Ce décret pris par le président de la République est innovateur. Dès son arrivée à la présidence de l’Ordre, le premier combat de Antoine-Béli Bokolojoué a été, de s’attaquer aux lois qui régissent le métier principalement la loi des architectes de 1992.
Ensemble avec son bureau, un travail de fond a été ainsi fait pour ramener le nouveau Code au contexte actuel. Il fallait se plier en quatre pour plaider de son adoption au niveau du Sénat.
« Nous avons apporté notre modeste construction à l’élaboration de la loi portant titre et exercice de la profession d’architecte dans notre pays et loi sur l’orientation de l’architecture. Ces deux lois sont encore sur la table du conseil des ministres », a souligné le président de l’Ordre des architectes du Congo.
Et d’ajouter: « Pendant la tenue de l’assemblée générale, on a présenté 12 jeunes architectes qui venaient de sortir de l’école. Les conditionnalités au niveau de l’Union des architectes d’Afrique et de l’Union internationale des architectes (UIA), imposent qu’un jeune sorti de l’école fasse absolument deux ans de stage dans des cabinets pour porter le titre ».
Il a rappelé que « la loi 013 du 29 avril 1992 stipule dans son article 19 nul ne peut exercer la profession d’architecte au Congo s’il n’est inscrit à l’ordre des architectes du Congo ».
Ces jeunes seront formés et amenés à intérioriser le Code surtout à respecter le cadre déontologique ainsi que les lois qui régissent leur profession.
Il en sera de même pour les anciens architectes qui n’ont plus fait des formations. Cette formation sera basée entre autres sur le Bim, sur l’environnement, le géni climatique.
Notons que la construction est recadrée par le loi qui rappelle à son article 202 que « il est institué du point de vue des procédures d’autorisation trois catégories de permis de construire : le permis de construire de catégorie I, pour les constructions uniquement à rez-de-chaussée, à usage d’habitation ou non, dont l’emprise au sol ne dépasse pas 100 m² et simples par leur composition et de par leurs structures de résidence ; le permis de construire de catégorie II, pour les construction à rez-de-chaussée dont l’emprise au sol dépasse 100 m², les constructions à plus d’un niveau et celles d’intérêt local ; le permis de construction de catégorie III, pour les constructions ou ouvrages d’intérêt national, des organisations internationale et des Etats étrangers, les constructions ou ouvrages à l’intérieur des périmètres d’opérations d’intérêt national ».

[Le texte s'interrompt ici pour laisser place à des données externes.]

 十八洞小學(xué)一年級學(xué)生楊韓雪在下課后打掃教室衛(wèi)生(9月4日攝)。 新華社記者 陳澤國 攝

Seulement l’obtention du permis de la catégorie III est exclusivement réservée au ministère de la construction, de l’urbanisme et de l’habitat.
L’Ordre des architectes se dit disposé à accompagner le gouvernement dans la vulgarisation de ce nouveau Code. Le métier d’architecte est envahi au Congo par des étrangers.

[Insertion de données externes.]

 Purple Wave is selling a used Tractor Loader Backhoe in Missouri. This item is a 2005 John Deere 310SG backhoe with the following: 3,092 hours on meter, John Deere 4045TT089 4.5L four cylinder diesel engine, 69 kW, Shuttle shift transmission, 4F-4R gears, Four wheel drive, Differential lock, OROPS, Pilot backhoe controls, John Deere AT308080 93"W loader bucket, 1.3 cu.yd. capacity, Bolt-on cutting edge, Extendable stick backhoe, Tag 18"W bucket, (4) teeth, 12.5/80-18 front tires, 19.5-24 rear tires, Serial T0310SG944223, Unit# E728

Sans être xénophobe ou raciste, Antoine Béli entend donner la priorité aux architectes nationaux.
Les articles 2 du chapitre 1 portant Règles générales de l’urbanisme : «Sont interdites, sauf prescriptions spéciales : les constructions dans les zones exposées à des risques naturels possibles tel que l’inondation, l’érosion, l’affaissement, les sables mouvants, ou autres ; les constructions dans les zones et les emprises soumises à des servitudes sur lesquelles il est interdit de bâtir, y compris les carrières de pierre et de sable ; les construction dans les aires protégées, les zones de mise de mise en défens, les zones pétrolières et gazières, les sites abritant le patrimoine archéologique ou botaniques, les aires de détente ou de sport, les aires agropastorales ou à vocation agropastorales et/ ou aquacole ».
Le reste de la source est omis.